If anything, the fear is of fear itself.  That Sophie will be exposed to the ubiquitous media coverage of this event and her innocence will be shattered.  I will have to have that difficult conversation that so many parents are having with their children across the country right now.  I will have to let her know that I am doing everything in my power to keep her safe. 

But my powers are limited. 

The only thing I can do is turn off the noise and tune in to what is. 




Sunday, December 2, 2012

More in the Family



I think Sophia is finally coming to terms with the fact that the shop is closed.  For good.


“Look!” I said pointing out my car window to the right.  “It’s a store just for exotic fish.”  The tanks are glowing with cobalt light. 

“Oooh. Cool.” Her head swivels as we pass the store, trying to keep it in view. 

I stop at a light and she says, “Mommy?”

“Yes?”

“Can I get a pet fish?” 

“You want a pet fish?”

“Yes.”

“Why do you want a pet fish?” I ask, rather than just shoot the request down.  She delivers the answer, which tears off a tiny corner of my heart:

“So there can be more in our family.”

She’s stopped asking for a sibling.  I haven’t heard the request in weeks.  She’s lowered the bar hoping that something small and scaley, or short and furry will wend it’s way into our lives.  

I have mixed feelings about this resolution.  On the one hand, I’m glad that she has heard what I’ve had to say on the subject, gets it, and appears to be fairly unscathed.  On the other, I feel a great deal of sympathy for her desire to have a live-in pal.  My heart aches every time she brings up the subject.  I wish I could give her what she wants, without it coming into conflict with what Kevin and I have decided.

A couple days later, at dinner Sophie suddenly announced, “I think I’m finally mature enough to have a cat.”

“Oh really?” I say, raising an eyebrow.  Well, actually both of them.  I can’t raise just one, but I wish I could. 

Kevin, across the table, raised one eyebrow.

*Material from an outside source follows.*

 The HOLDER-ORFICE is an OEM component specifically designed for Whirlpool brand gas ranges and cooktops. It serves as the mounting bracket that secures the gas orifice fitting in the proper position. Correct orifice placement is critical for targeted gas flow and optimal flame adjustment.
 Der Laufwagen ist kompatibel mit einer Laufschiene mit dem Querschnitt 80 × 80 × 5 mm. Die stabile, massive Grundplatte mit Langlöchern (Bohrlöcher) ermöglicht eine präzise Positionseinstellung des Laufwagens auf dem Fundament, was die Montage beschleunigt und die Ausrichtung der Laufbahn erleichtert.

“Yeah.  I take care of grandma’s cats.  I feed them all the time.”  It’s true.  She is very good about feeding them.  She loves to do it, and, in fact, often remembers when my mother doesn’t.  But feeding them is a once-a-week treat, not daily drudgery. 

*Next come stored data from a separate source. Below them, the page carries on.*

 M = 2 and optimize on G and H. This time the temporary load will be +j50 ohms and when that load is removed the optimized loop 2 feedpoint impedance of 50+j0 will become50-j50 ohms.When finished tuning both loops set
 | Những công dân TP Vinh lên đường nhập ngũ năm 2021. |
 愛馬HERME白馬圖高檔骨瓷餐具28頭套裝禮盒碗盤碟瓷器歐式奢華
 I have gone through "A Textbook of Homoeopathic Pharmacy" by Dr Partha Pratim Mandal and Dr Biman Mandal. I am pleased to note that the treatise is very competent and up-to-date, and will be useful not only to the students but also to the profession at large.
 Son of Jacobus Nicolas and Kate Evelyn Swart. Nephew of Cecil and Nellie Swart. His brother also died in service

“There’s more to taking care of a cat than feeding them,” I inform her. “What about their poops?”

Her eyes get wide.

“You have to scoop their poops and clean their litter box.”  She had not considered this.  Sophie has an aversion to anything with a strong smell.  She can’t make it through the cheese department at Wegman’s without holding her nose. 

“Could you help me with that, Mom?”

“That,” I say, “is a slippery slope.  I would….support you in it.”

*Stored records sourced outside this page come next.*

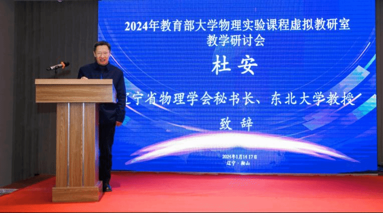 杜安教授在致辞中介绍了辽宁省高等物理教育尤其是实验物理教学发展现况,对长期工作在一线的教师的长期坚守、锐意创新表示感谢,对虚拟教研室在我国大学物理实验教学发展中起到的积极推动作用表达赞誉。
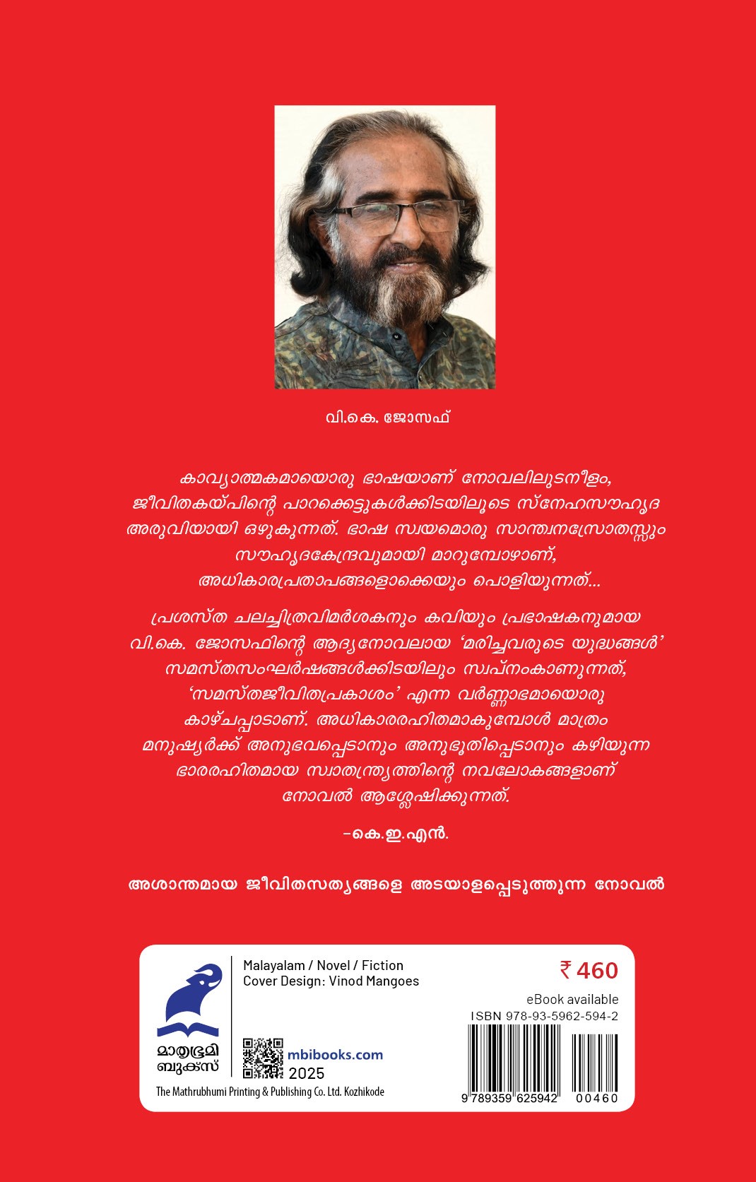 അധികാരപ്രതാപങ്ങളൊക്കെയും പൊളിയുന്നത്… പ്രശസ്ത ചലച്ചിത്രവിമര്ശകനും കവിയും പ്രഭാഷകനുമായ വി.കെ. ജോസഫിന്റെ ആദ്യനോവലായ ‘മരിച്ചവരുടെ യുദ്ധങ്ങള്’ സമസ്തസംഘര്ഷങ്ങള്ക്കിടയിലും സ്വപ്നംകാണുന്നത്, ‘സമസ്തജീവിതപ്രകാശം’ എന്ന വര്ണ്ണാഭമായൊരു കാഴ്ചപ്പാടാണ്. അധികാരരഹിതമാകുമ്പോള് മാത്രം മനുഷ്യര്ക്ക് അനുഭവപ്പെടാനും അനുഭൂതിപ്പെടാനും കഴിയുന്ന ഭാരരഹിതമായ സ്വാതന്ത്ര്യത്തിന്റെ നവലോകങ്ങളാണ് നോവല് ആശ്ലേഷിക്കുന്നത്.
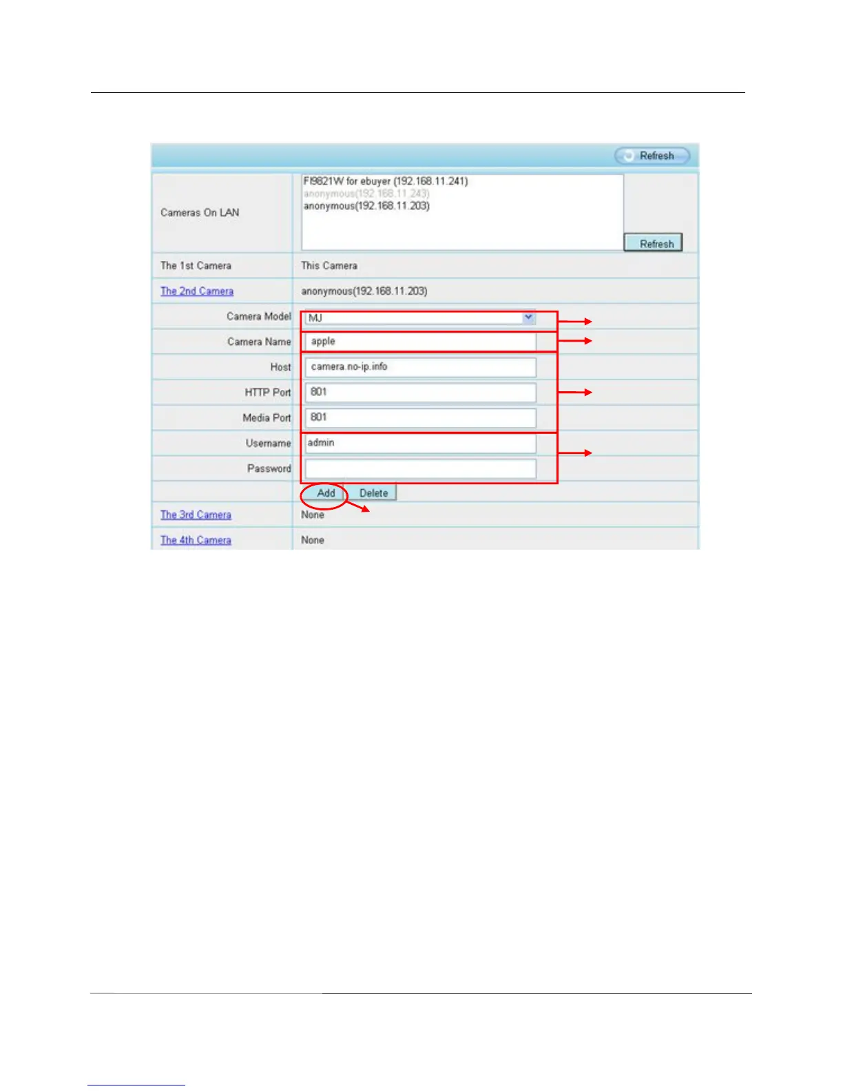 4---- Enter the 2nd camera’s user name and password
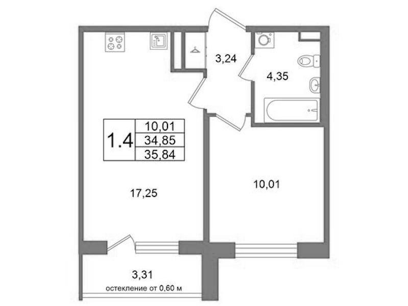Однокомнатная квартира на 1-ом этаже 34,85 кв.м

“Does that mean you would scoop their poops?” 

“No, honey, I’ve scooped enough cat poop in my time.  Until you are ready to do that, I don’t think you’re ready to accept the full responsibility of caring for a cat.”

I was five when I got my first cat.  I swore up and down I would care for it.  But it was my mother who, day in and day out, cleaned the litter box, filled their bowls, and picked cat hair off of everything.  I know how this works.  I’ve sat in Sophie’s seat.  And I know, for sure, that, as the mother of a five-year-old, I am not ready to accept the full responsibility of caring for a cat. 

Sophie gasps.  “I just thought of something!”  (She has learned this from me, a habit of gasping when she has a sudden epiphany, though mine are usually around forgetting appointments or losing my keys).

“What?”

“Well, if we had a cat and you and daddy went to work all day and I went to school, the cat would be lonely.”  It was a lovely, sympathetic sentiment, but was she doing what we often do when we can’t have something we previously thought we wanted? We devalue it.  We find rationales for why it would be no good for us.  Was she already trying to let go of this wish?

“Mmmm.  True.  I guess that’s why grandma and grandpa have two cats.”  Did I just say that out loud?  Where can I buy myself a filter?

“Oh!  Right!  We could get two cats.”  She looks at our faces.  “When I’m older.  Like seven or nine.” 

“Yes, maybe by seven or nine,” I agree. 

One day, when we are all ready, she shall have more.